Julius Hon-Man Hui

 
 
 
 

Julius Hui (b. 1984) is the owner of contemporary Chinese type foundry Han Wan Tang (means studio of massive text).

A graduate of the BA Design, Visual Communication discipline at School of Design, The Hong Kong Polytechnic University, Hui began his career with an apprenticeship as typeface designer under Sammy Or a.k.a. VM Type, veteran Chinese typeface designer who has produced some of the best Chinese fonts in the past 30 years. They eventually designed Xin Gothic, a massive San-Serif Chinese font family of 10 weights, after crafting strokes for 3 years.

Hui started his own studio juliushui.com in 2012, working for a wide range of international companies and design agencies to cope with boom of Chinese business. In the short half year of time, Hui designed notable works, including the Traditional and Simplified Chinese companion for logotype of The New York Times, and partnered with New York City based type foundry Commercial Type designed Chinese commissions for Bloomberg Businessweek, as well as logotype for BW China. Hui was also a Chinese type and typography consultant for Wallpaper*, Figtree, several international design agencies, Commercial Type, Dalton Maag before joining Dalton Maag as a font developer in September 2012, Hui involves mainly in DaMa’s massive multi-script font family, including the recent released HP font family.

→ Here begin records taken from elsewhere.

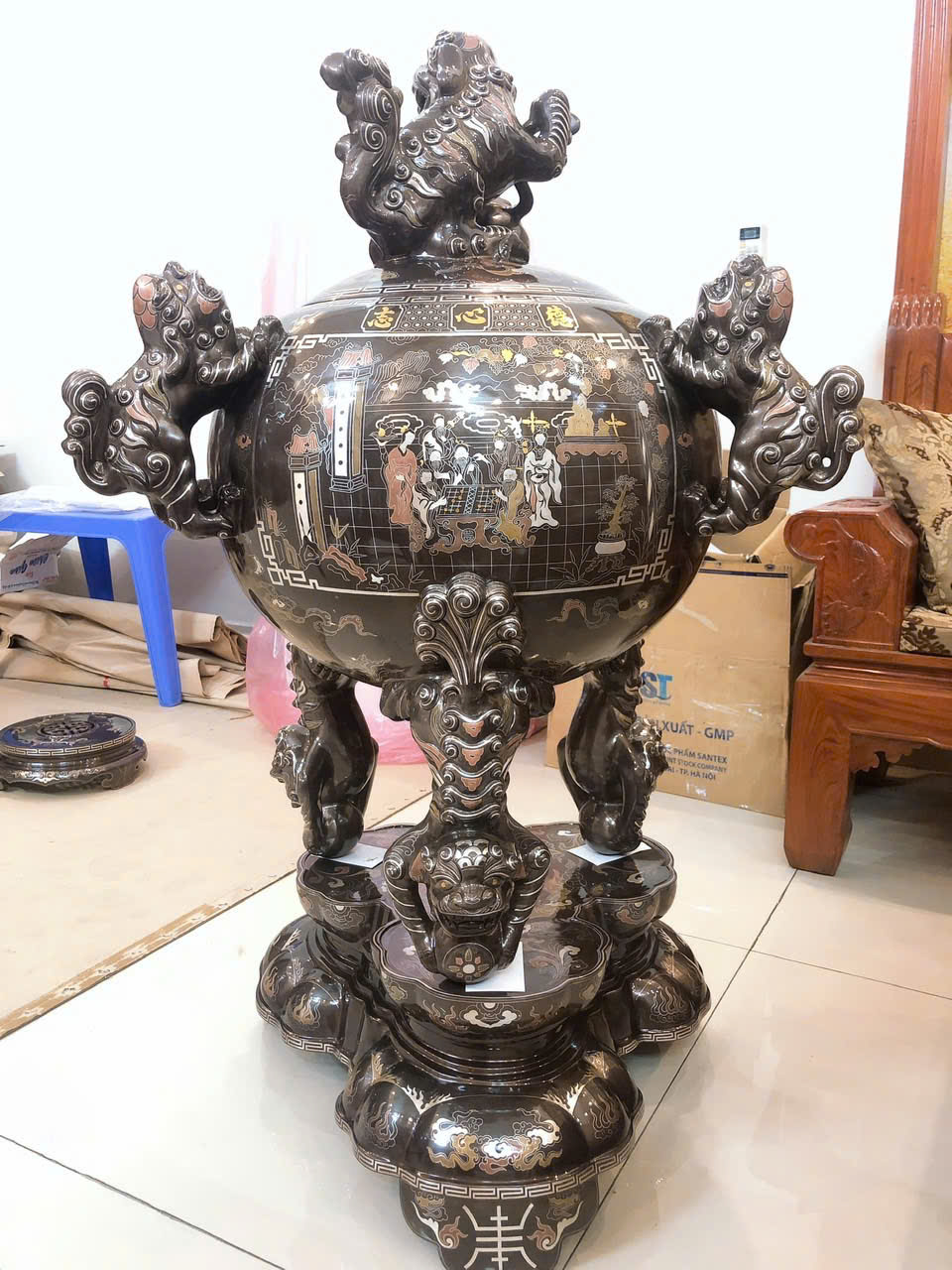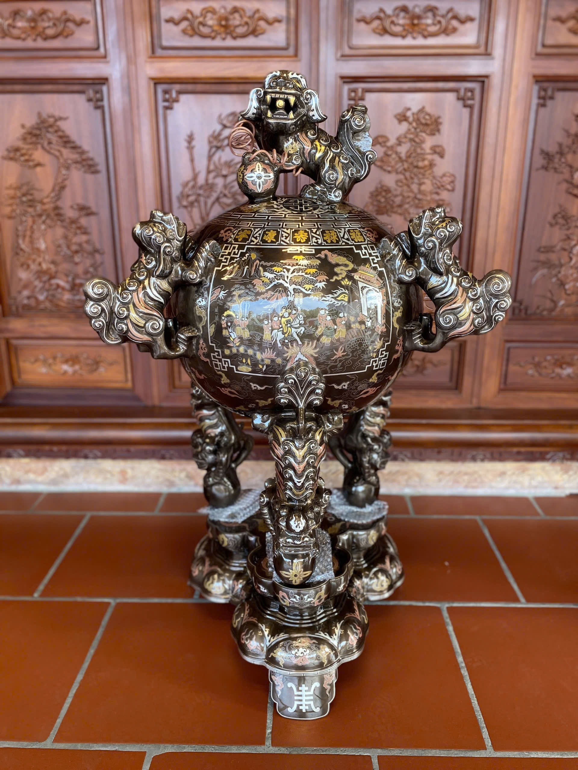 Đỉnh thất lân vờn cầu 1m08 được biết đến như một trong những vật phẩm vừa dùng để làm đồ thờ cúng, vừa có vai trò trấn an, cân bằng phong thủy cực tốt với hình ảnh 7 con nghê đang trong tư thế vờn ôm lấy quả cầu tròn. Vật phẩm không chỉ tăng giá trị thẩm mỹ cho không gian mà còn tạo thêm vẻ quyền thế, sang trọng, gia tăng vượng khí cho gia chủ, ngăn chặn những luồng khí xấu xâm nhập.
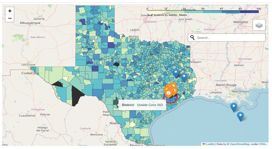 In this paper, we used GeoJSON map files and end-of-year state assessment data for the states of Texas and Louisiana, as shown in Figure 1 and Table 1. The map files we used housed the geolocations and coordinates of the districts observed within the state of Texas. These data points were used to create the district comparisons and interactive map models for our research. There was a total of three map files including the comprehensive district data file retrieved from the Texas Education Agency Public Open Data Site. The end-of-year state assessment data were obtained from publicly available sources, including the State of Texas Education Agency for students assessed in Texas, the State of Louisiana, and the National Center for Education Statistics (NCES) [21,22,23,24].
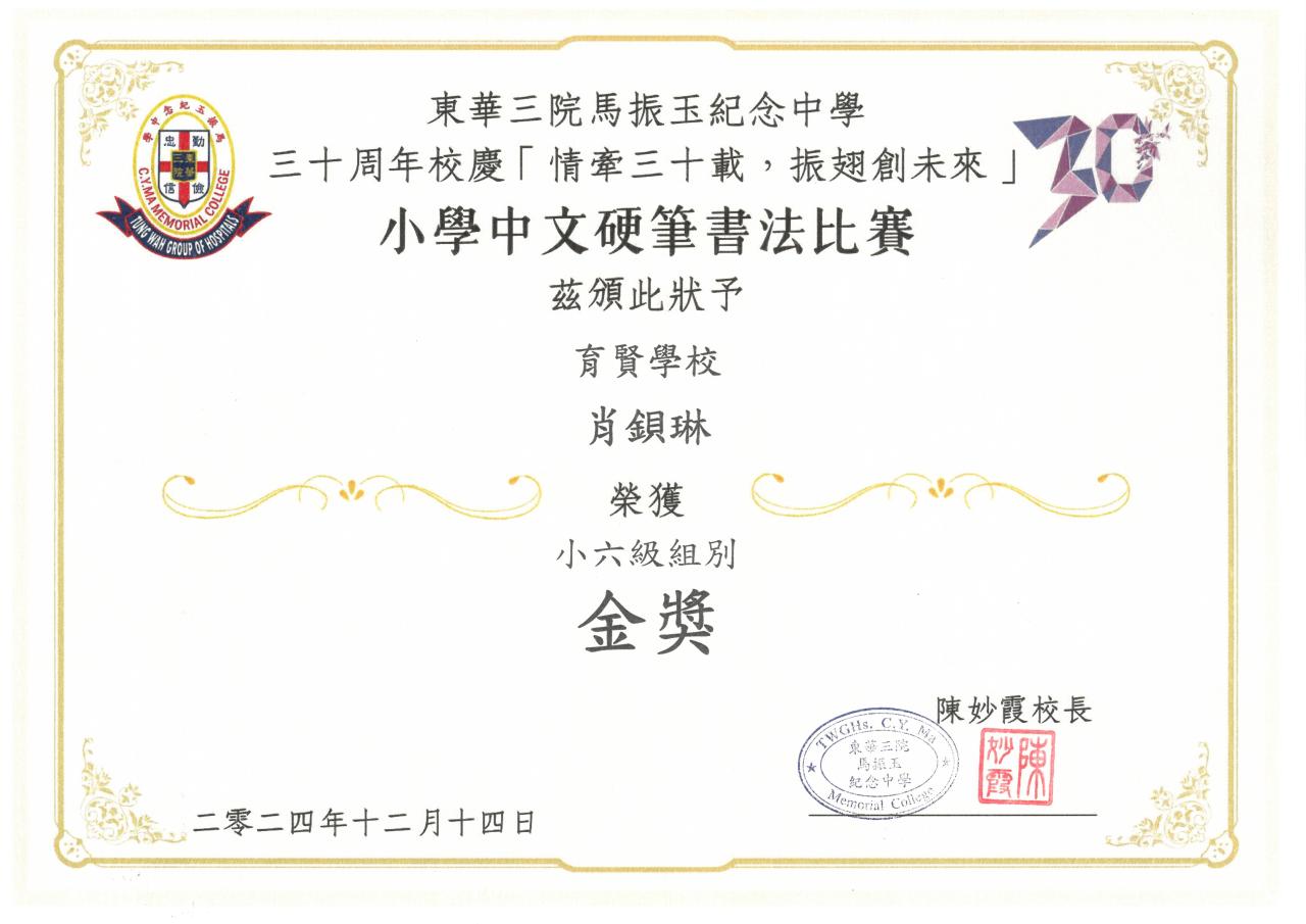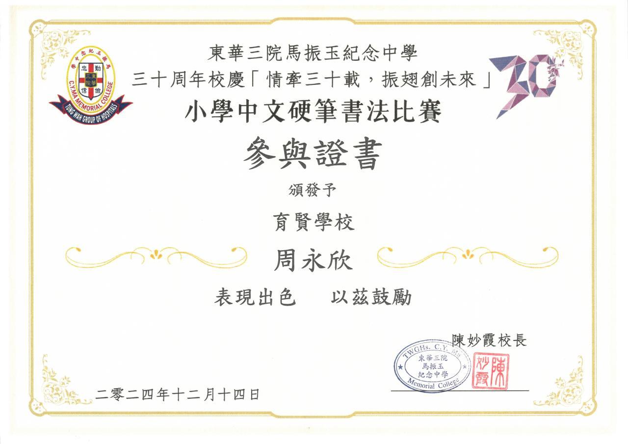 東華三院馬振玉紀念中學三十周年校慶小學中文硬筆書法比賽
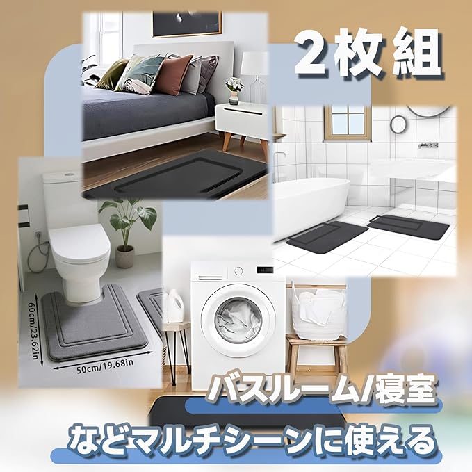 吸水力抜群のバスルームマットセット:セットには「U 型」のトイレマットと「長方形」の足マット(あしふきマット)が含まれ。お風呂上りに足拭きすると、水分を素早く吸収し、浴室をサラサラに保ちます。
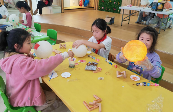 随后,孩子们化身为小小艺术家,创作属于自己的独一无二的月球灯。他们有的参照示例图,小心翼翼地勾勒出玉兔、桂花树等经典图案;有的则大胆创新,将鲜艳的国旗、绚烂的烟花与月亮元素巧妙结合,表达对祖国的热爱与祝福;还有的精心设计明暗渐变,力求还原月球的真实纹理,充满探索精神……
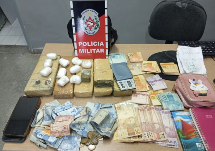 Foram apreendidos quase 3kg de maconha, “5.600 reais”, entre outros.
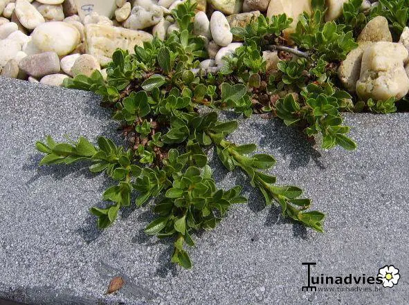 C’est un semi-arbuste recouvre le sol de 3 cm de haut qui forme un tapis dense composé de petites feuilles ovales brillantes.
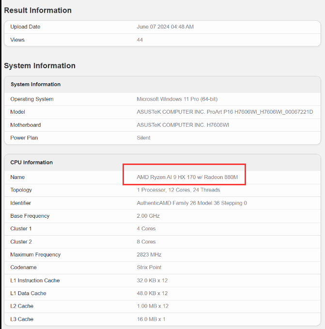 因此,小編下面要分享的Ryzen AI 9 HX 370這款處理器在相關截圖中被識別、標注為“Ryzen AI 9 HX 170”,請讀者不要感到奇怪,二者其實是同一款處理器。除此之外,已知原Ryzen AI 9 HX 165也已經被重新命名為Ryzen AI 9 HX 365。
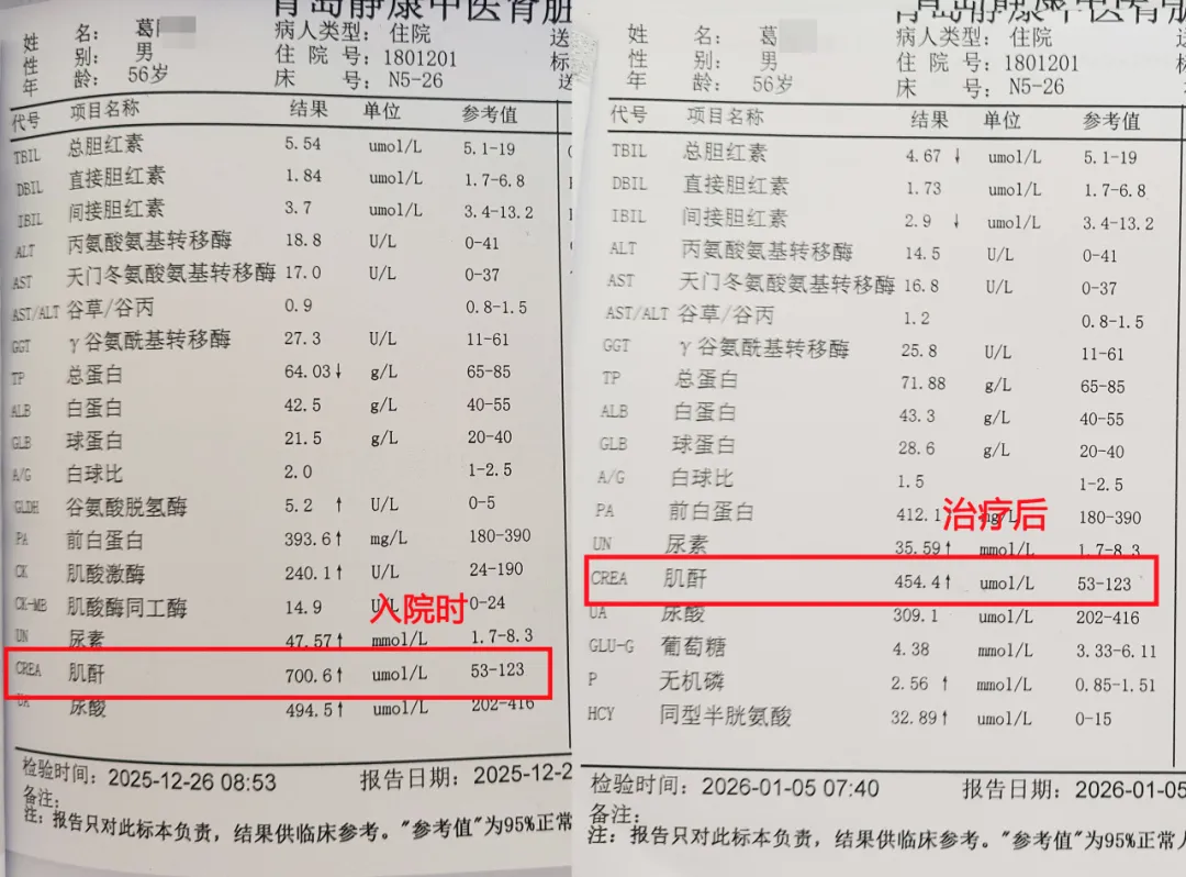 【诊断】 慢性肾脏病5期、肾性骨病、肾性贫血、肾性高血压、代谢性酸中毒、心功能不全、肾性囊肿等13项。 【入院时】 患者血肌酐升高至700.6μmol/L,尿酸494.5μmol/L,尿素47.57mmol/L,双下肢水肿、恶心、腰痛、乏力。 【出院时】 血肌酐下降至454.4μmol/L,尿酸降至309.1μmol/L,达到标准范围,尿素降至35.59mmol/L,成功远离了透析警戒线。 葛先生是一位慢性肾病患者,自2018年在青岛静康中医肾脏病医院接受中西医结合系统治疗后,他的病情一直控制得不错,各项指标稳定,逐渐回归了正常生活。

Being one of the few typeface designers in China area, Hui has recently started the newly established Chinese type foundry Han Wan Tang to tackle critical reading issues in Chinese life, includes signage recognition, text reading both on paper and screen, etc. Hui is also an active writer for type and typography, Chinese articles have continuously been published in HeyShow (Taiwan), The House News (Hong Kong) and Type Is Beautiful (Mainland China). 

 

BITS MMXIV International Workshop 
Julius Hon-Man Hui
November 14, 2014.
Auditorium A, TCDC
1.30 - 3.30 pm.
Available slots : 10 people

"Outline and structural fun of chinese typeface"

The workshop is consist of 2 parts, the first part would be Chinese song-ti (serifed-style) composing. Participants would be given lot of strokes (supposed they don’t read any Chinese at all), and started composing 1–2 characters according to the screen shown. By going this exercise participants would start getting what’s actually decided the the legibility of Chinese type: The outer shape.

The second part would be playing different weight of hei-ti (san-serif style). Participants would be given a few distinctive Chinese characters which horizontal strokes’ weight id wrong decided, they have to decide each stroke’s weight. By going through this exercise participants would understand the structural essence of Chinese characters.

 

BITS MMXIV International Conference
Julius Hon-Man Hui
November 15, 2014.
BACC
2.00 - 3.00 pm.


"Problems & Solutions: Typeface Design in China area"

If the true typeface design means to solve some certain reading problems that Mr Matthew Carter did, then in China area there are actually no typeface design in the last hundred of years, because no one really know, why we need ever more typefaces.

By showing self work experience and case studies from daily life, Julius is ready to show BITS audience what ‘Typeface Design’ means to be in the past and how it is evolved in the last 10 years, provide an unique and interesting of how this new and fast-growing font market is going to.